═══ Information provided

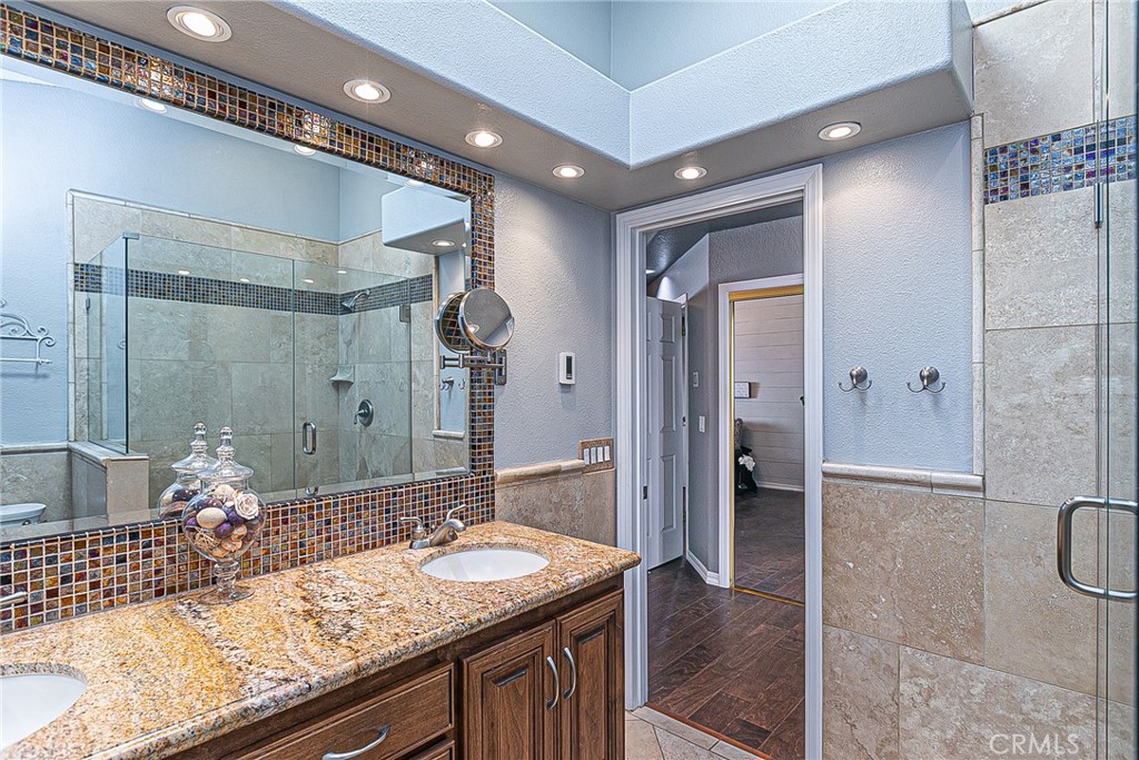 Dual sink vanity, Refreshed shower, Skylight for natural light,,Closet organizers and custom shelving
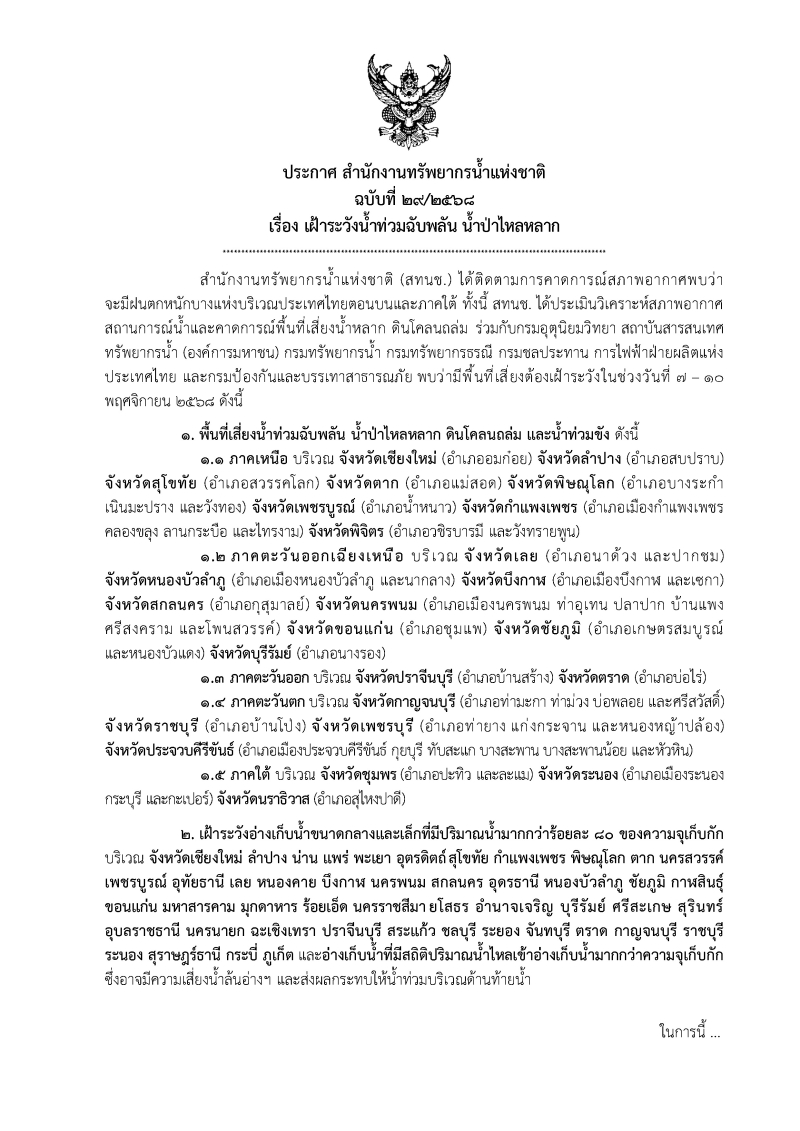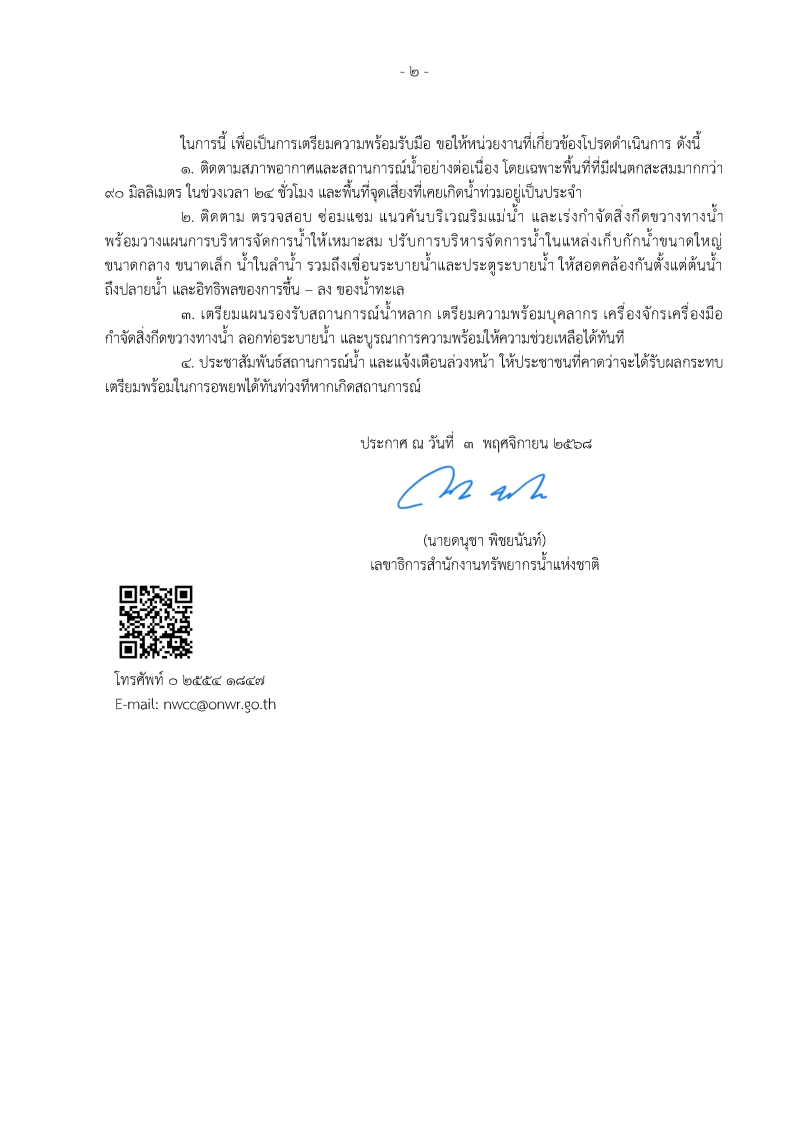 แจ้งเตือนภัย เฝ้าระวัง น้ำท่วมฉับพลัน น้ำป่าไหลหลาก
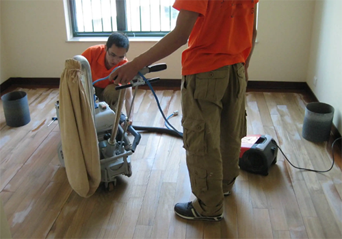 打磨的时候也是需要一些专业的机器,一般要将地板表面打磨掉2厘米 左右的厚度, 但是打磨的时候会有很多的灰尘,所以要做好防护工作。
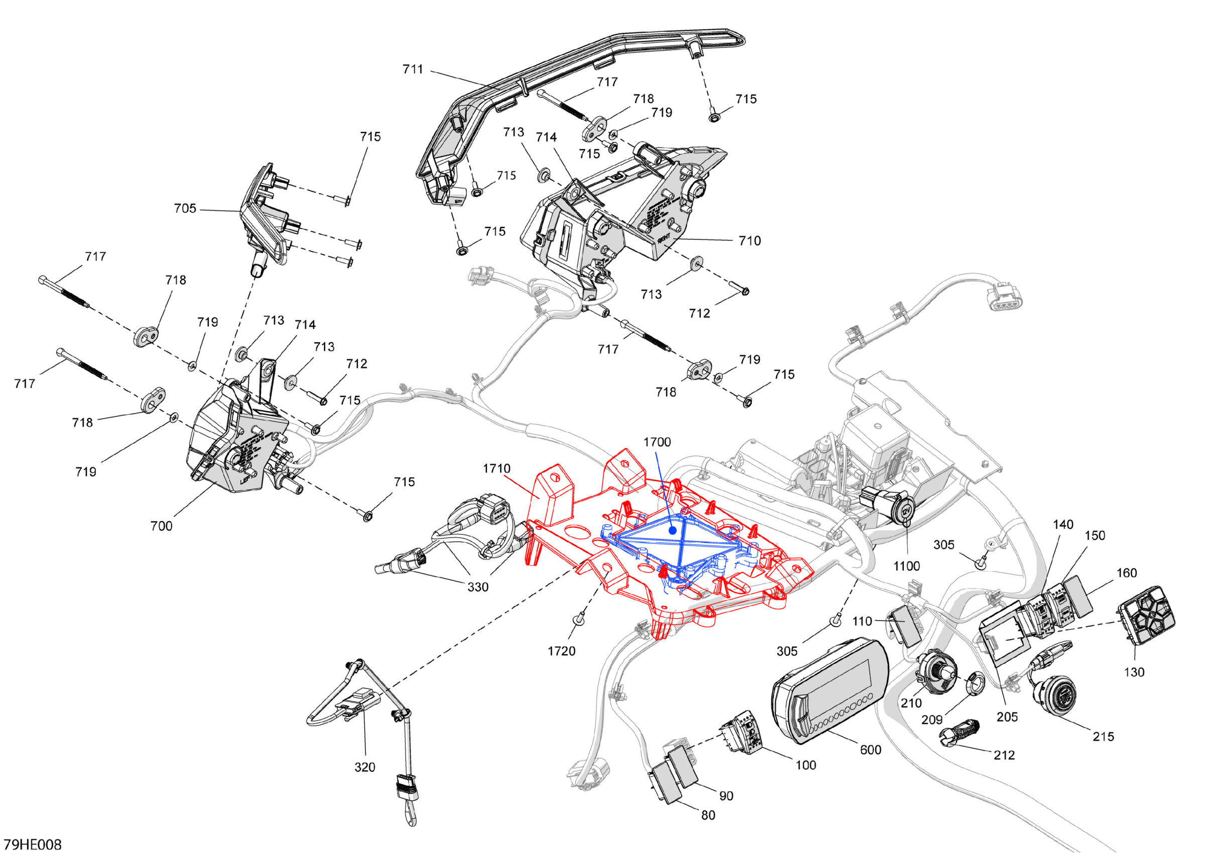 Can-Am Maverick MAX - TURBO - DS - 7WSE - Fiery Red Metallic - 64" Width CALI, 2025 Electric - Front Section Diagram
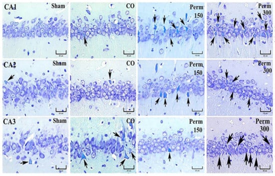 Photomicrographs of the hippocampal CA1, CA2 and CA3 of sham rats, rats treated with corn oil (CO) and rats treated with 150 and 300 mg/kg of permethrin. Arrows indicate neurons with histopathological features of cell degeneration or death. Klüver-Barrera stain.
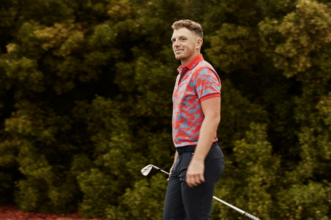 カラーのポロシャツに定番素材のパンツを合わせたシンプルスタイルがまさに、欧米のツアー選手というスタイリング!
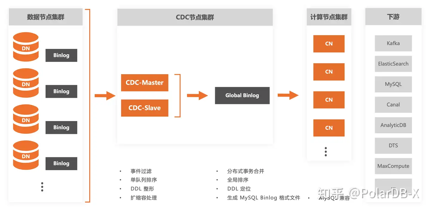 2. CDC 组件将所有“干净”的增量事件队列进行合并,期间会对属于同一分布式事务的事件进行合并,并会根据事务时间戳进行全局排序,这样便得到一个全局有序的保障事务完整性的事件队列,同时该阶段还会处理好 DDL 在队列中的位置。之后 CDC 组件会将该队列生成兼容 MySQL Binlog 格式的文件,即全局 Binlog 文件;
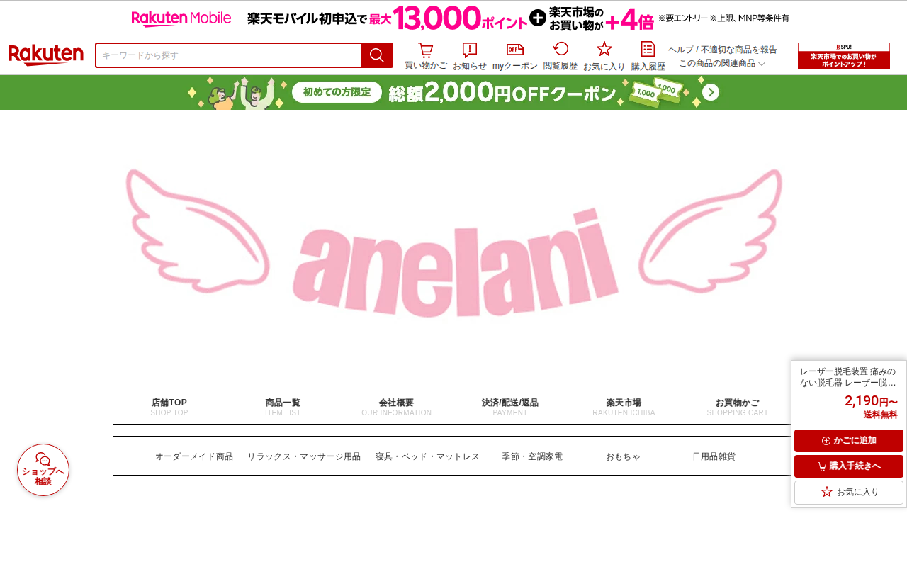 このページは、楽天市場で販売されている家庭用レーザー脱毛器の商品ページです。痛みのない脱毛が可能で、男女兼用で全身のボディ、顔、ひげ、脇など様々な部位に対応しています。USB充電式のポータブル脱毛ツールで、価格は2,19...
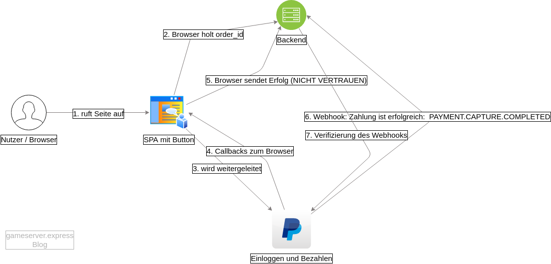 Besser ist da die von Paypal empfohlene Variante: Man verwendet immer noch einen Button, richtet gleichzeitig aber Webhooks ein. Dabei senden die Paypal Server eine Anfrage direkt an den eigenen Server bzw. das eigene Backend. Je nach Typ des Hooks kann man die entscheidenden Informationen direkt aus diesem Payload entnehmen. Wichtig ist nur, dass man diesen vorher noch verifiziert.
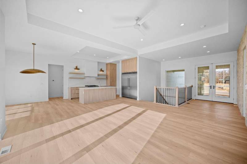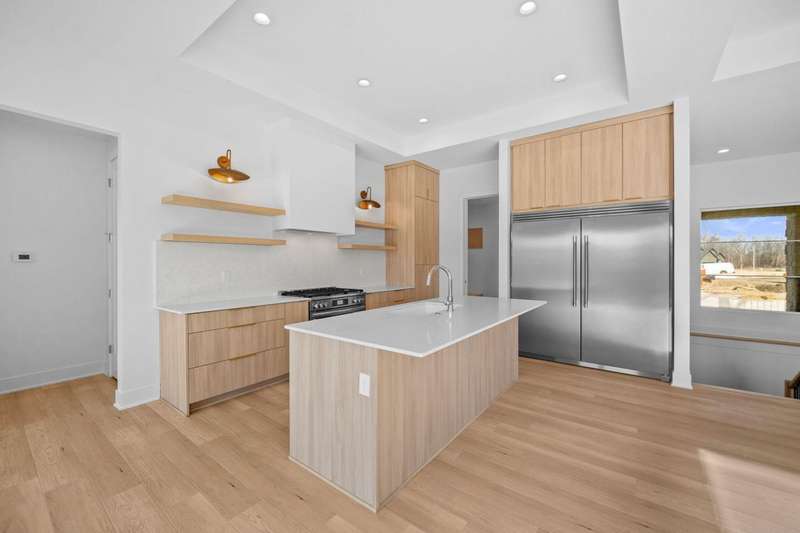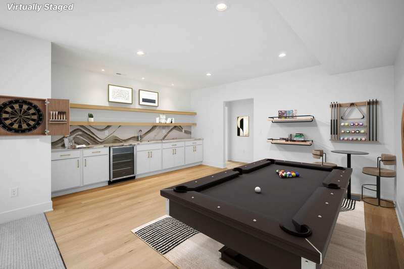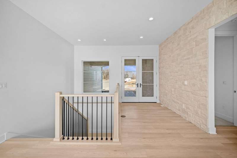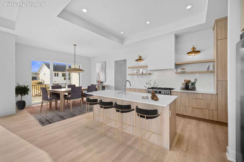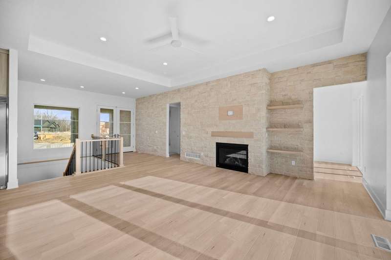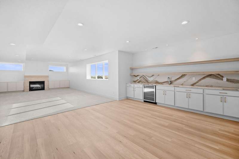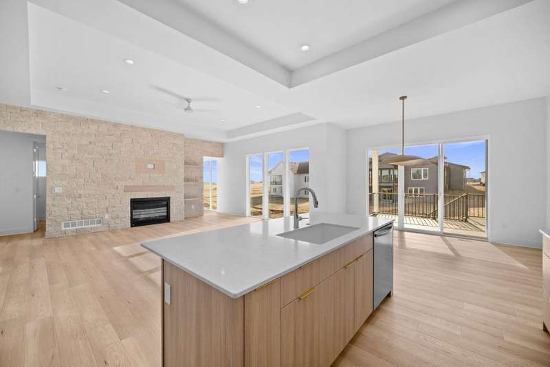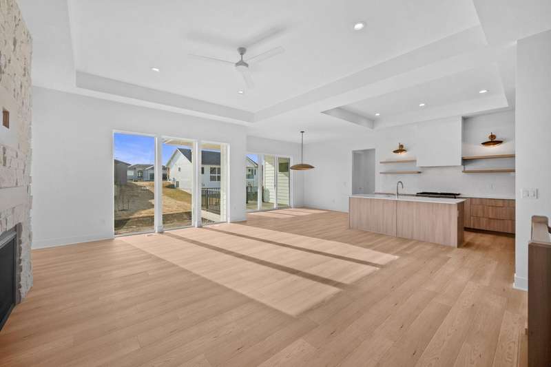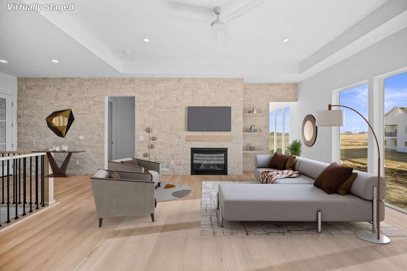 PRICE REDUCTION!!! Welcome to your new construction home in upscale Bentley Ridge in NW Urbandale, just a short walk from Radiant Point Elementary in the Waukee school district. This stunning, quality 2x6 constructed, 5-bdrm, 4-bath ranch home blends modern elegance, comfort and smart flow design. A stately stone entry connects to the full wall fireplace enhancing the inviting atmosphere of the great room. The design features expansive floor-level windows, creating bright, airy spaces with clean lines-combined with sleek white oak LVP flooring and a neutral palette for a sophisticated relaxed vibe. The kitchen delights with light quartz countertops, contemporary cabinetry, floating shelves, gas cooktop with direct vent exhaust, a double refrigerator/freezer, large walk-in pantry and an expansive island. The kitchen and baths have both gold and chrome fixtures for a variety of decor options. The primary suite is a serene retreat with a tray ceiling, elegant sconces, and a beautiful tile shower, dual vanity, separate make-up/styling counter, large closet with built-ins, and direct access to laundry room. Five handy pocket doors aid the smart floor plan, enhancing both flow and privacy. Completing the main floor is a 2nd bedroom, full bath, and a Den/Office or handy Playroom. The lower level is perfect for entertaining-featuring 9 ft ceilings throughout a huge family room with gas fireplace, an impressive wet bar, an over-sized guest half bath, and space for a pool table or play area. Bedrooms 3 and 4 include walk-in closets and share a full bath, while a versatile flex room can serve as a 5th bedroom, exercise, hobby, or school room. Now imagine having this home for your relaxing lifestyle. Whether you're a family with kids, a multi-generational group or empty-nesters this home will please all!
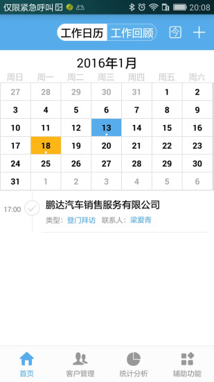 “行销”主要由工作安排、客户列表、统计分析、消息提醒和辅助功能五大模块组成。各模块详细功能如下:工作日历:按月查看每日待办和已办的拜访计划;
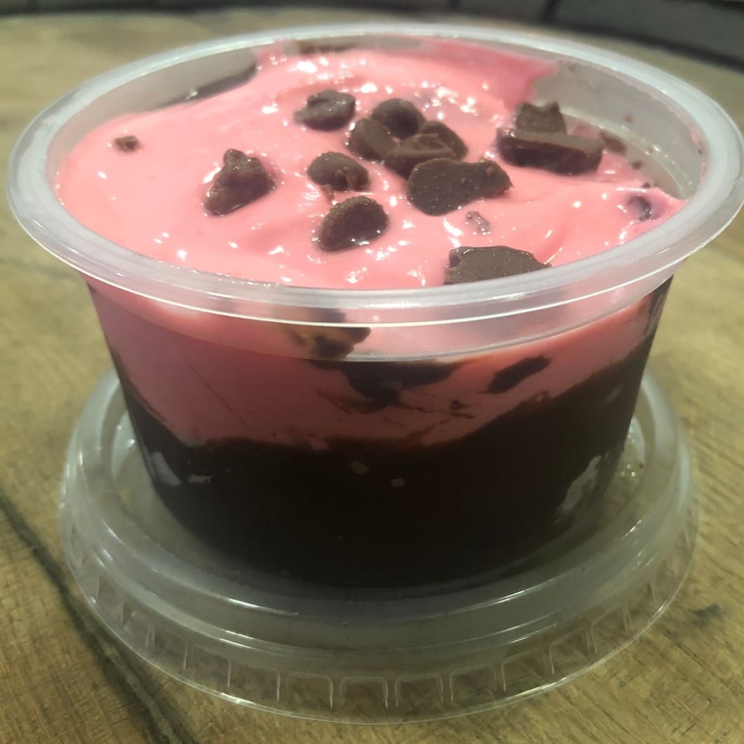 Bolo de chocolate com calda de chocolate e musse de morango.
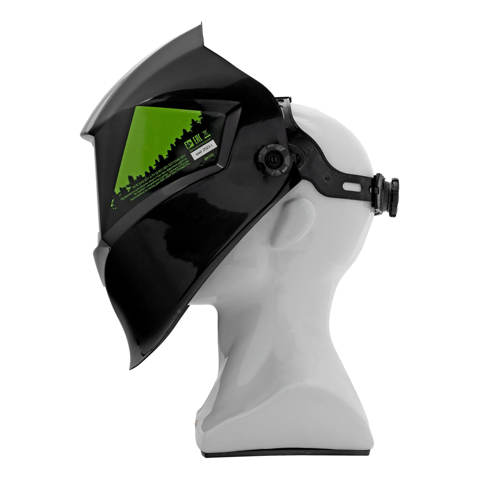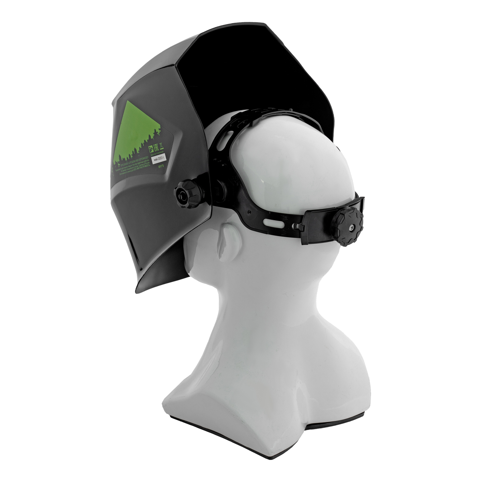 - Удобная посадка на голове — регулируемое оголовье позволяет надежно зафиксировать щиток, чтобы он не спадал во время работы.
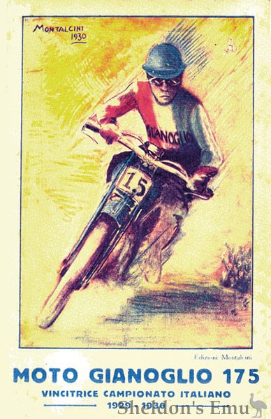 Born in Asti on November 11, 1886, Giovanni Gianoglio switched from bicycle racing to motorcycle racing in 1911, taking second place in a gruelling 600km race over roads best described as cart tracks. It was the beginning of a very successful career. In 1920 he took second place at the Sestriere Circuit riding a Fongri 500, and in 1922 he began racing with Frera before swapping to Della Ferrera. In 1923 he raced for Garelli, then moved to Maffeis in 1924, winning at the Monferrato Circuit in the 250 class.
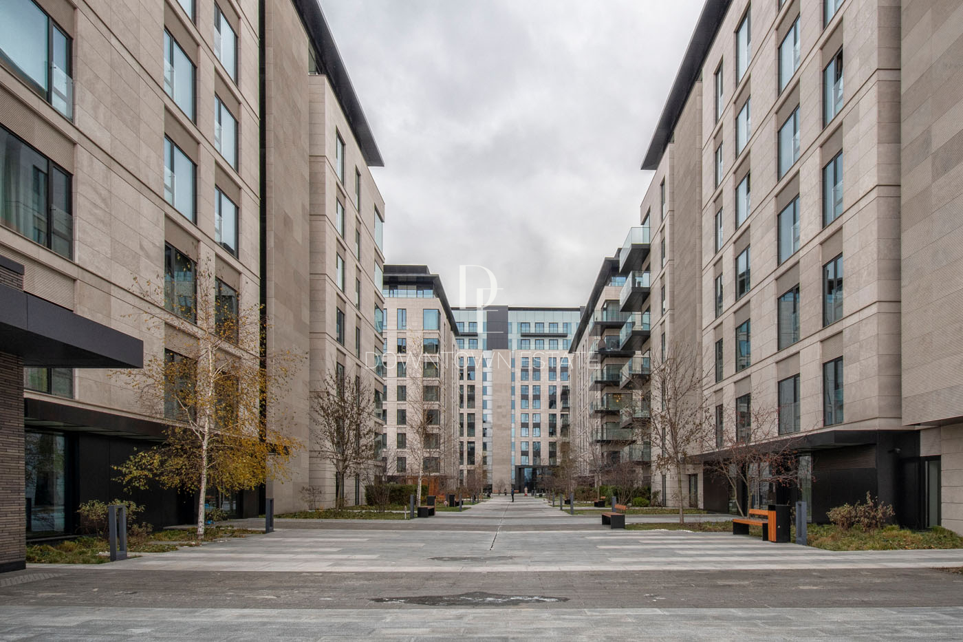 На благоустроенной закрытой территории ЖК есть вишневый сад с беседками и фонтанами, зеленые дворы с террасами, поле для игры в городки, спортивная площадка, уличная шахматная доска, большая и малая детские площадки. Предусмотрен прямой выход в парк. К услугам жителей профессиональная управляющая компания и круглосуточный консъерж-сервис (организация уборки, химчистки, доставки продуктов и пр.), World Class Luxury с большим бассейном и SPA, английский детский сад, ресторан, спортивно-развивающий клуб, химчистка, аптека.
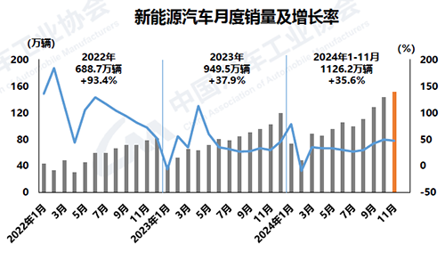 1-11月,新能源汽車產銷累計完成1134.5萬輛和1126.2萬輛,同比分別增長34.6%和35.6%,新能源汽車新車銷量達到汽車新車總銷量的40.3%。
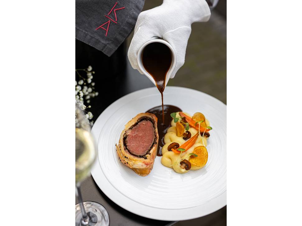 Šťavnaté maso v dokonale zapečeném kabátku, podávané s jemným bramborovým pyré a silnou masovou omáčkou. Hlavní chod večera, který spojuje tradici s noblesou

══════

Assigned task - Nothing but the lines from the first line of the data through the line with "Can-Am Maverick MAX" belongs in the answer, copied exactly and without pictures.

Exercise answer -
 Dual sink vanity, Refreshed shower, Skylight for natural light,,Closet organizers and custom shelving
 แจ้งเตือนภัย เฝ้าระวัง น้ำท่วมฉับพลัน น้ำป่าไหลหลาก
 打磨的时候也是需要一些专业的机器,一般要将地板表面打磨掉2厘米 左右的厚度, 但是打磨的时候会有很多的灰尘,所以要做好防护工作。
 Can-Am Maverick MAX - TURBO - DS - 7WSE - Fiery Red Metallic - 64" Width CALI, 2025 Electric - Front Section Diagram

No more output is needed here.